Néanmoins, la situation financière de cet établissement public de coopération intercommunale (EPCI) demeure fragile. Avec une pression fiscale la plus élevée des cinq EPCI de La Réunion (les recettes fiscales représentent près des ¾ des produits), les marges de manœuvre sont réduites sur les recettes de fonctionnement. Les charges de gestion externes reposent à 80 % sur des contrats de prestations de service dans les secteurs des transports et du service public de prévention et de gestion des déchets, les arbitrages reposant principalement sur le niveau de service défini dans les contrats publics. La masse salariale, évaluée à 173 € par habitant, soit 90 % au-dessus de la moyenne des autres intercommunalités de l’île, contenue dans sa progression, représente le deuxième poste de dépenses.
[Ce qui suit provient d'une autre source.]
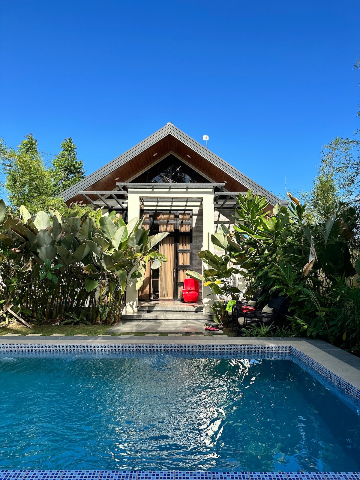 🌿 _Larue Pocket Villa_ to idealne tropikalne miejsce na odpoczynek – prywatna „Pocket Villa” w otoczeniu 500 m² bujnej zieleni pełnej tropikalnych roślin. Willa znajduje się na namorzynach (nie przy plaży). – Basen Infinity i prywatne jacuzzi (nieogrzewane, naturalne) do orzeźwiających kąpieli. – Wanna na świeżym powietrzu. – Altana z przestrzenią jadalną *plus videoke* (możesz śpiewać od 8:00 do 22:00) na spotkania towarzyskie.

Avec un effectif conséquent de plus de 1 000 agents répartis dans des services largement gérés en régie, dépendants dans une large mesure de la politique des emplois aidés, le pilotage des ressources humaines, caractérisé par un faible niveau de contrôle, est exposé à des risques de dysfonctionnement. Plusieurs exemples témoignent de l’existence de marges d’optimisation. Il est donc souhaitable de confronter le volume des effectifs à la réalité des besoins. La chambre considère ainsi que le recours aux emplois aidés est abondant.
Le service public de prévention et de gestion des déchets (SPPGD) a été exercé de façon hybride avec un transfert de la compétence de traitement au syndicat mixte Ileva, partiel jusqu’en 2018. Les performances en matière de réduction à la source des déchets n’atteignent pas les objectifs fixés par la loi pour la transition énergétique et la croissance verte du 17 août 2015. Dans le cadre de l’exercice de ces compétences, la taxe d’enlèvement des ordures ménagères, qui représente 29 M€ en 2020, ne couvre pas en totalité les coûts du SPPGD, soit 33 M€, du fait d’un coût encore élevé des prestations de collecte et des charges de traitement, et d’une faible contribution des usagers privés au service.
Une épargne nette en recul, liée notamment à un endettement croissant, incite à la prudence, malgré la renégociation des emprunts. Face à un projet de territoire structuré et dense, les moyens financiers restent limités et contraignent la Civis à s’endetter pour reconstituer un fonds de roulement négatif qui s’établit à - 9,1 M€ en 2021. Les besoins d’équipements structurants sont financés par un niveau de recettes propres insuffisant, ce qui alimente le déficit du budget d’investissement qui atteint 19,4 M€ en 2021. L’usage trop limité des bénéfices du plan pluriannuel d’investissements et de la gestion en autorisations de programmes et crédits de paiement ne permet pas à l’exécutif un pilotage serré de ses opérations, ce qui nécessiterait un management de projets plus fiable.
Le modèle de gestion de la Civis mériterait d’être questionné dès lors que le recours à un effectif abondant au service d’une politique de proximité pèse lourdement sur ses charges, dans un contexte de rigidité croissante des ressources. Si ces choix relèvent de la libre administration, dans un contexte social difficile, les pratiques managériales et de gestion pourraient évoluer dans un cadre plus structuré, et un pilotage des projets et des compétences modernisé, adapté aux enjeux d’évolution du périmètre et des compétences de la Civis.
L’évaluation des ressources financières nécessaires à la concrétisation du projet de territoire inscrit dans la logique du schéma départemental de coopération intercommunal élaboré en 2016 pourrait sécuriser la trajectoire financière de l’EPCI. Le projet d’administration dans lequel ce dernier a décidé de s’engager pourrait lui permettre, de surcroit, de mettre ses moyens humains en adéquation avec les objectifs ambitieux du projet de territoire.